Early in the campaign, many Dems insisted that they couldn’t lose when Obama’s likeability numbers were so much higher than Romney’s. They were probably right. But they were surprised when a barrage of anit-Romney ads hurt the president’s likeability more than they hurt the governor’s. Now the governor has to finish the job of exposing Obama’s nasty side. It won’t be difficult.
2. Highlight how the president has no solutions, only excuses
It’s extremely unusual for the challenger to be offering more specifics than the incumbent. The choice of Ryan made Dems giddy with all the specific proposals they could now attack.
However, it also allowed the Repubs to show that they’re the ones with the plan. They’re the ones trying to govern. Every year during the Obama administration, the Republicans have presented a budget that the Dems voted down, while the Dems simply refused to present a budget. This is illegal, by the way. The government does many things it was not designed to do. One of the things it is legally required to do is to pass a budget. They haven’t had the courage or integrity to do so. They’ll blame Republican obstructionism, but that’s ridiculous. They only need a simple majority. The Republican minority brought their plan to a vote. The Democratic majority didn’t.

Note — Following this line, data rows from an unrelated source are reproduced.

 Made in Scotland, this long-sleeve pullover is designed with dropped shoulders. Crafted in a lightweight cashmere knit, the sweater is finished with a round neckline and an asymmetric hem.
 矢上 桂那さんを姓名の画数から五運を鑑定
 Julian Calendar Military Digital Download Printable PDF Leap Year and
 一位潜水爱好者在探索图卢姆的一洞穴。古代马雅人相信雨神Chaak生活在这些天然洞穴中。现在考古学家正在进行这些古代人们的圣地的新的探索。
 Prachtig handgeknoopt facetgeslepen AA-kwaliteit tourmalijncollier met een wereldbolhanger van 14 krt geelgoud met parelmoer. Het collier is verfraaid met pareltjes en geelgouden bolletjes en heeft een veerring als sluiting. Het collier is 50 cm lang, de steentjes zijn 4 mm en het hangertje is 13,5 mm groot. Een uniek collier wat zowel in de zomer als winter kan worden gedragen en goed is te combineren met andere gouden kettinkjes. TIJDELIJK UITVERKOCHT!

The line of the campaign may be Obama’s Treasury Secretary Timothy Geithner’s response to Paul Ryan. “We don’t have a definitive solution to our long-term problem. We just don’t like yours.”

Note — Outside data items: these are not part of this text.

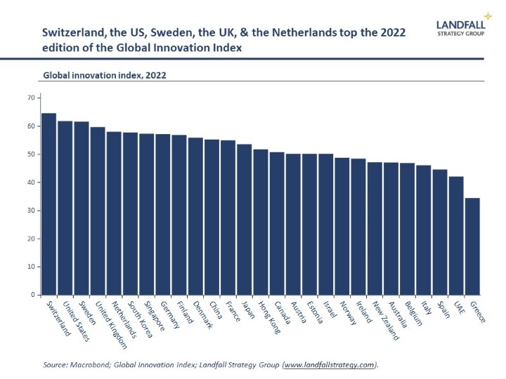 Switzerland, the US, Sweden, the UK, and the Netherlands, topped the 2022 Global Innovation Index, released this week. This is a useful measure of underlying productive potential across economies. The strong performance of many small advanced economies on this measure is instructive. Particularly for small advanced economies, innovation performance is central to developing and sustaining positions of competitive advantage in global markets.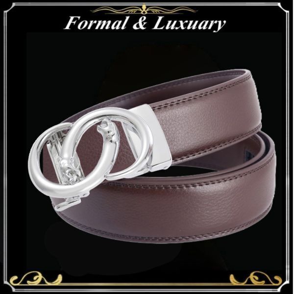 ベルト j36【茶】ダーク 穴なし 無段階調整ベルト ゴルフベルト 人気 オートロック メンズ 革 ジーンズ ビジネス カジュアル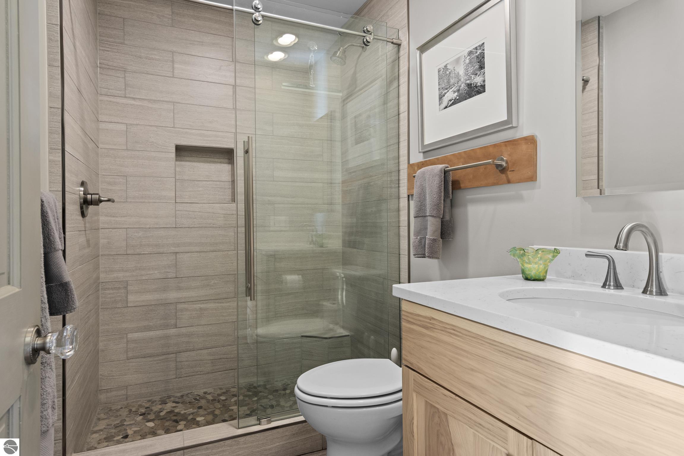 Discover a home where luxury meets tranquility on the north shores of Lime Lake. Here, timeless craftsmanship and lakeside charm blend in perfect harmony. Every detail has been thoughtfully designed and impeccably maintained to create a living experience defined by elegance, comfort, and serenity. Step inside and experience the difference thoughtful design makes. The gourmet kitchen is a chef’s dream—featuring a Wolf 6-burner stove, dual Thermador ovens, Sub-Zero refrigerator, and custom cabinetry that pairs beauty with function. Solid-surface countertops, a trash compactor, and abundant storage make everyday living and entertaining effortless. Beyond the kitchen, the great room showcases soaring ceilings, Alder wood accents, and expansive windows framing idyllic views. Warmth from the gas fireplace and an inviting, open flow make this the perfect space to gather with friends and family. Retreat to the primary suite with its sweeping lake vistas, a spa-inspired bath, and elevated finishes. Upstairs, new carpet, custom hickory cabinetry, a handcrafted railing, and wood-detailed ceilings continue the home’s theme of refined artistry, while remodeled bathrooms extend the blend of comfort and style. The home’s impeccable interior flows effortlessly to the outdoors, where manicured landscaping and expansive deck invite both morning coffee and starlit nights. Behind the scenes, thoughtful upgrades ensure comfort and reliability—dual furnaces, air conditioners, and water heaters, a Generac generator, and an encapsulated crawl space. Additional features include new shingles with heated roof valleys, new windows in key rooms, and a 16’x30’ secondary garage for added storage or workspace. Perfectly positioned in the heart of Leelanau County—just moments from Good Harbor Beach, wineries, golf courses, hiking trails, and the charming towns of Glen Arbor and Leland—this is a rare opportunity to own an exceptional home on one of the most peaceful lakes in Northern Michigan.
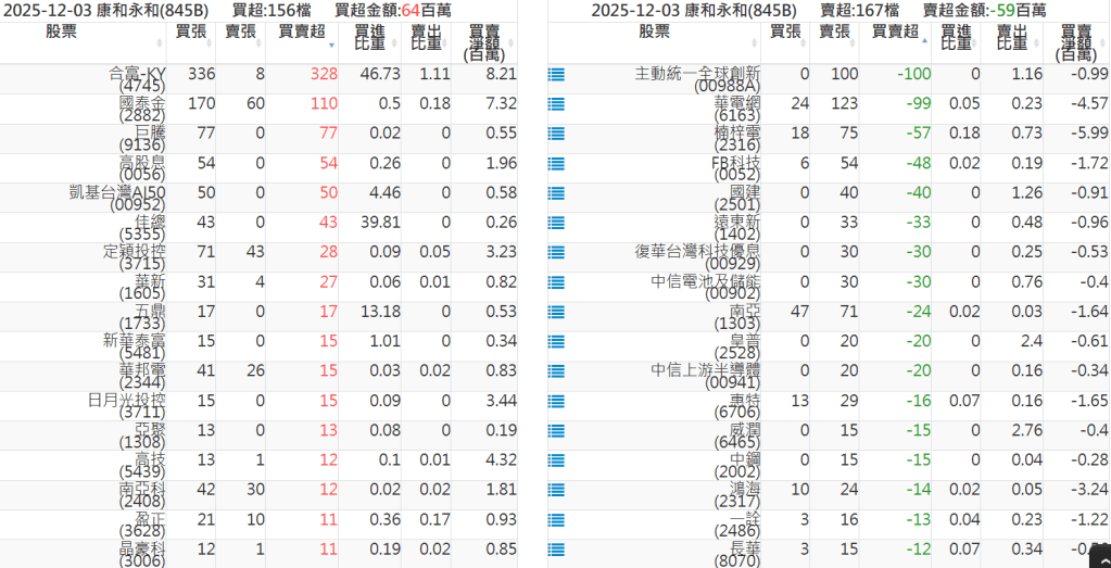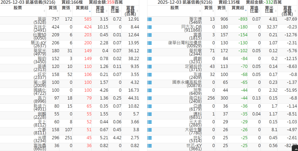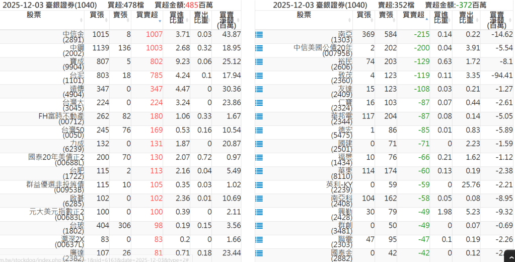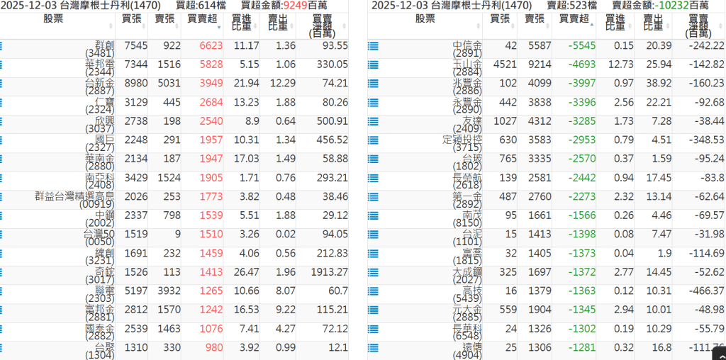 2025-1203關鍵券商買賣超 2025-12-03 股狗網小編 籌碼面每日資訊 發表留言 關鍵券商買賣超: 臺銀證券(1040): 台灣摩根士丹利(1470): 凱基台北(9268): 凱基信義(9216): 元大土城永寧(9875): 康和永和(845B) : 富邦建國(9658): 免責宣言 本網站文章所提供資訊僅供參考,並無任何推介買賣之意,投資人應自行承擔交易風險。 分享此文: 按一下即可分享至 X(在新視窗中開啟) X 按一下以分享至 Facebook(在新視窗中開啟) Facebook 喜歡 正在載入...

Four more years? For what?
3. Show how the Democrats are killing Medicare
Romney’s playing offense on Medicare, which is coming as quite a shock to the Dems. The Dems claim that Ryan wants to kill Medicare. But it’s Obama who is gutting Medicare to pay for Obamacare, and not solving the program’s fundamental problems. Under Obama, Medicare goes bankrupt in twelve years. As Yuval Levin points out
“President Obama has put Democrats in the position of being the party that seeks to cut current seniors’ benefits (especially those in Medicare Advantage) and access to care (thanks to the IPAB) while still allowing the program to collapse in the coming years and so watching the deficit explode and bringing on fiscal disaster. And Mitt Romney and Paul Ryan have put the Republicans in the position of being the party that wants to protect current seniors’ benefits and make them available to future seniors while still saving the program from collapse in the coming years and so dramatically reducing the deficit and averting fiscal disaster.”

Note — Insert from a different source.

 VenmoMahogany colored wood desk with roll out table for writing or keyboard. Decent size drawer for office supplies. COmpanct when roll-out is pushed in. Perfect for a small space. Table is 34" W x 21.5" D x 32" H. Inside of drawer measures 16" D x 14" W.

4. Introduce himself at the convention
Obama spent heavily to define Romney before Romney told his own story. Now it’s the governor’s turn to introduce himself. His father was a three time governor that marched with Martin Luther King Jr. He earned Harvard degrees in business and law. Married his high school sweetheart. Ran a successful business, including helping to launch and grow Staples. Successfully turned around the Salt Lake City Olympics. Elected governor of a liberal state.
His main goal here is to show that he doesn’t have horns or carry a pitchfork. He needs to tell stories of how he created jobs. But mostly he needs to tell stories of his own struggles that will help people connect to him and root for him. Obama got there first in defining Romney, and that makes it more difficult for the governor. On the other hand, Obama set quite a low bar. Romney will get not just a bounce, but a sustained rise in the polls once he shows that he doesn’t have fangs. Scratch that. Vampires are in. Let’s stick with the no horns metaphor.
5. Blitz the swing states
Obama chose to spend much of his money early to define Romney first. Romney held more of his cash back, to get a better idea of which states were most likely to swing the election, and to make a late blitz. People have used Ali’s rope-a-dope fight as a metaphor for the Romney campaign. Let your opponent punch himself out, and then respond with a quick late flurry.
Conventional wisdom, betting markets, polls and experts list the president as a strong favorite. I don’t think they’re properly considering the unique circumstance of a Republican challenger who is just starting to tell his story. We’ll see.